Business School, Durham University, UK.

Abderrahim Taamouti has a PhD (2007) in Economics from University of Montreal, Canada. Before joining Durham University Business School in 2014, Abderrahim held the position of Associate Professor of Economics at Universidad Carlos III de Madrid in Spain. His fields of specialization are Econometrics and Finance. He mainly works on Granger causality analysis, hypothesis testing, nonparametric estimation and testing, asset pricing, portfolio selection, and risk management.

His research projects have resulted in several publications in internationally renowned journals in Econometrics, Finance and Statistics such as Journal of Econometrics, Review of Finance, Journal of Multivariate Analysis, Journal of Dynamics and Economic Control, Journal of Financial Econometrics, Journal of Business & Economic Statistics, Computational Statistics and Data Analysis, Journal of Empirical Finance, Journal of International Money and Finance, Statistics and Risk Modelling, Finance Research Letters, Financial Markets and Portfolio Management, etc.

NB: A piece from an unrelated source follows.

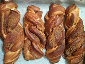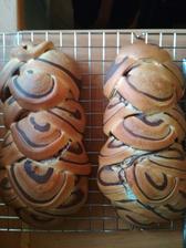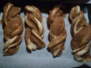 Večer pred pečením si pripravím rozkvas. Zmiešam uvedené prísady múku, vodu, cukor a kvások (vznikne husté cesto, ktoré premiesim rukou). Pri izbovej teplote nechám 9-12 hodín kvasiť. Ráno je rozkvas nakvasený, zväčšil svoj objem a je plný bubliniek. Predtým ako sa pustím do prípravy cesta, pripravím si sladké mlieko a to tak, že v rajnici ohrejem mlieko a rozpustím v ňom cukor, maslo a nechám schladiť. Vlažné sladké mlieko pridám do rozkvasu spolu s ostatnými prísadami. Vypracujem jemne od nádoby sa odlepujúce cesto. Misku prikryjem a nechám pri izbovej teplote kvasiť približne 2 hodiny. Počas týchto dvoch hodín cesto aspoň raz preložím. Po dvoch hodinách je cesto nakvasené, jemné a má znásobený objem. Cesto prehnetiem a rozdelím na 4 rovnaké častí. V miske si zamiešam škoricu s cukrom a trocha mlieka, masla,alebo medu. Každú časť cesta rozvaľkám a natriem pripravenou škoricovou plnkou. Zrolujem na šulec-závin, ktorý ešte preváľam po doske. Takto pripravený šulec -závin pozdĺžne rozrežem a zapletiem. Ak si chcete pozrieť ako na to, podrobné video je tu. Premiestnim na plech vystlaný papierom na pečenie. Prikryjem fóliou a nechám pri izbovej teplote kvasiť približne 3-4 hodiny, kým cesto znásobí svoj objem. Rúru si rozohrejem na 230 stupňov. Ak už mám pletenec nakvasený vložím ho do vyhriatej rúry a pečiem približne 7 minút. Následne teplotu znížim na 170 a nechám piecť približne 20-30 minút. Treba si to odsledovať podľa svojej rúry. No a to je všetko, takto si ľahko pripravíte či už škoricové, alebo kakaové hniezda, ktoré môžu mať podobu či už pletenca alebo hniezda. Nezabudnite piecť, zdieľať a komentovať. Rada sa totižto posúvam ďalej a ak mi dáte spätnú väzbu budem vedieť, či sa vám recept páči a ako sa vám darí ho upiecť 🙂

Title of the talk: Value-at-Risk under Market Microstructure Noise

Summary: In this paper, we propose a robust estimation technique for Value-at-Risk that takes into account the effect of market microstructure noise. We show that the noise poses serious problems for estimating risk. In particular, it can cause an underestimation of risk, which makes the existing methods inconsistent in the presence of contaminated prices. Using Fourier transform and a deconvolution kernel estimator for the probability distribution function of the unobserved returns (prices), we derive a numerical approximation for Value-at-Risk in the presence of microstructure noise. Monte Carlo simulation and real data analysis illustrate satisfactory performance of the proposed method.